Do you remember when the only musical instrument most children could play was the descant recorder?

Most children except me that is for I could never get more than a shrill screech out of the ancient instruments of torture that used to live in a bucket in the music block in my old grammar school.

The bucket was half filled with Dettol to prevent the spread of bugs amongst the hundreds of boys who sucked and blew on them every day, and in my experience, Dettol is not conducive to a sound musical development strategy.

I still cannot get a recognisable tune out of any musical instrument, unless you count a two-fingered Chopsticks on the piano, and a one-fingered Groovy Kind of Love from Wayne Fontana and the Mindbenders.

That’s why I am lost in awe at the keyboard skills of my grandchildren, who play exquisitely on their own, and even better when duetting.

My best friend at school was a top quality musician who could play multiple instruments, from piano, organ, trumpet and violin to a cool lead guitar.

I once went with him to Liverpool, where he was taking an exam on the revered organ at the Anglican cathedral in the lobscouse capital.

We got there much too early, and he passed the time by knocking out amazing versions of Hi-Lili, Hi-Lo and A Whiter Shade of Pale on the mighty organ, much to the puzzlement of tourists visiting the sacred site.

He recently retired as an examiner with one of the top music boards in the land, while I can still hardly play a note on anything.

I was lucky enough to be at an exclusive musical gathering some weeks ago featuring some of the very top names in Northumbrian folk music, including several members of the outrageously talented Tickell family, and a couple of former members of much missed Hexham folk band the Marras.
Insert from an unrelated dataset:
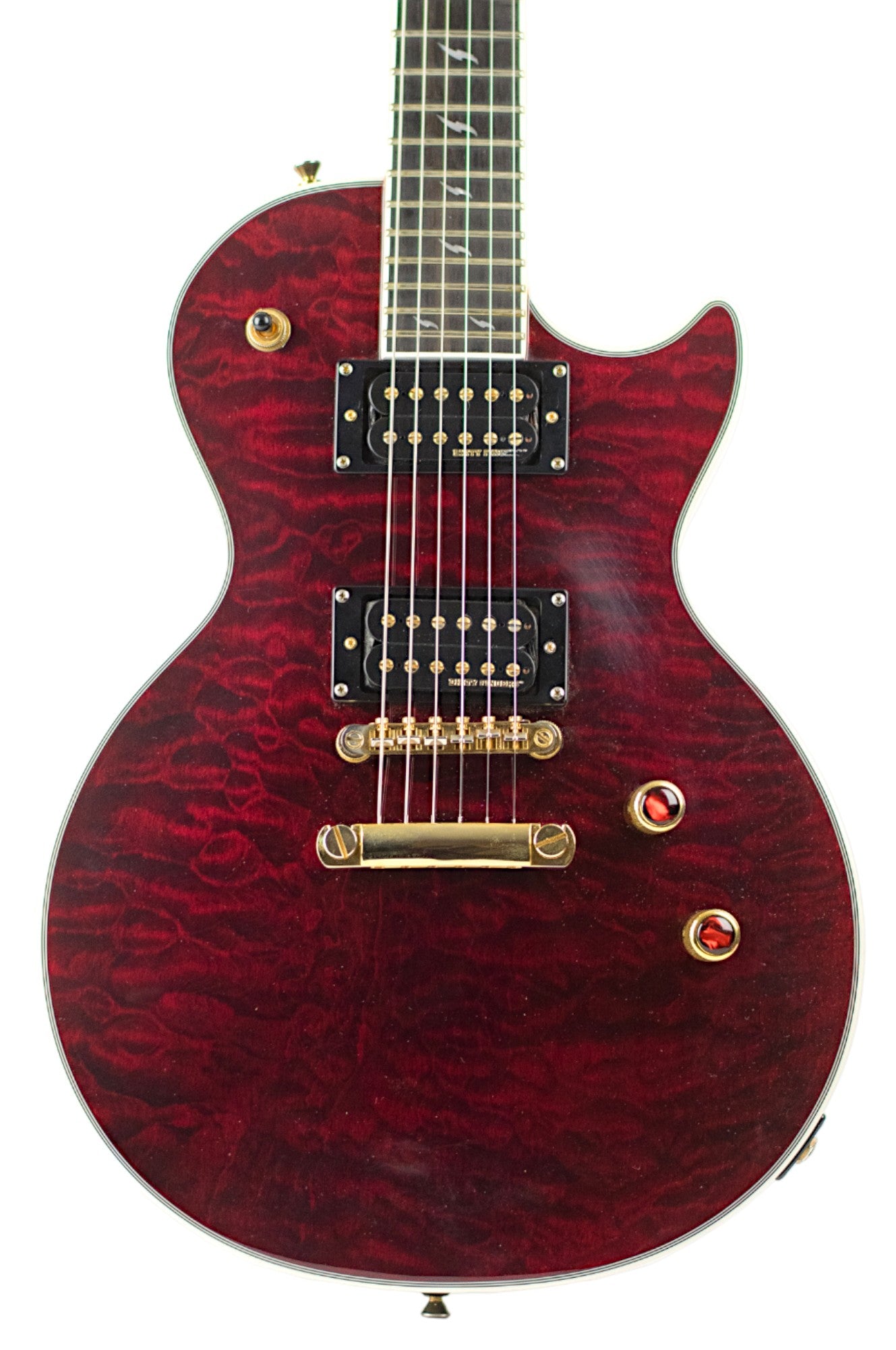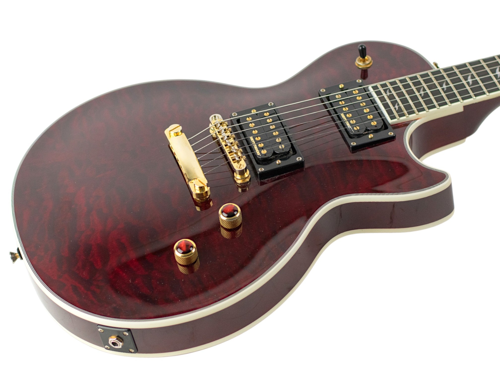 Quilted Maple Veneer Top on Double Bound Mahogany Body in Black Cherry Finish

And among the highlights of the event were performances by two children on instruments a world away from the disinfectant soaked days of my youth.

One little girl played exquisitely on a harp as big as she was, and a young lad skirled away on the mouth-blown Scottish smallpipes,

It was a wonderful experience, augmented by lots of singing too, including selections from granddaughter Abbey, and various lachrymal Irish and Geordie ditties.

Cushie Butterfield and Fog on the Tyne rang out, and then came the moment I had been dreading, when I was asked if I would care to make some vocal contribution to the evening, either in the form of a song or recitation – it was that kind of night.

My singing has been described variously as sounding like a halfpenny trumpet, or a great black-backed gull passing a pine cone, but lubricated by several cans of Stella Artois, I agreed to give it a go.

I toyed with giving them my celebrated rendition of Marriott Edgar’s brilliant monologue about what happened when young Albert Ramsbottom was foolish enough to bung his stick with the horse’s head handle into the ear of Wallace, the slumbering lion at Blackpool Zoo, but realised I only knew about a quarter of the words.

So I dug deep into the memory banks to come up with a Lancashire song which I suppose will seldom have been sung in the North Tyne before.

I somehow managed to get through The Rawtenstall Annual Fair, but as Mrs Hextol noted, I was shaking like an aspen in a hurricane, partly through sheer terror at performing before such exalted company, and partly because I wasn’t entirely sure I could remember all the words from a song I hadn’t heard in about 40 years.

There were probably only a couple of dozen people or so in the room, most of whom I was related to or I had known for many years, but it was still one of the most nerve-wracking experiences of my life.

Abbey, who has sung before thousands at Bellingham Show and elsewhere, was open-mouthed while Mrs Hextol was firing mind bullets at me in case the song was a rugby song, not to be sung to an audience containing many impressionable youngsters.

However, I am pleased to say the song appeared to go down reasonably well – and the shaking stopped after only a few days.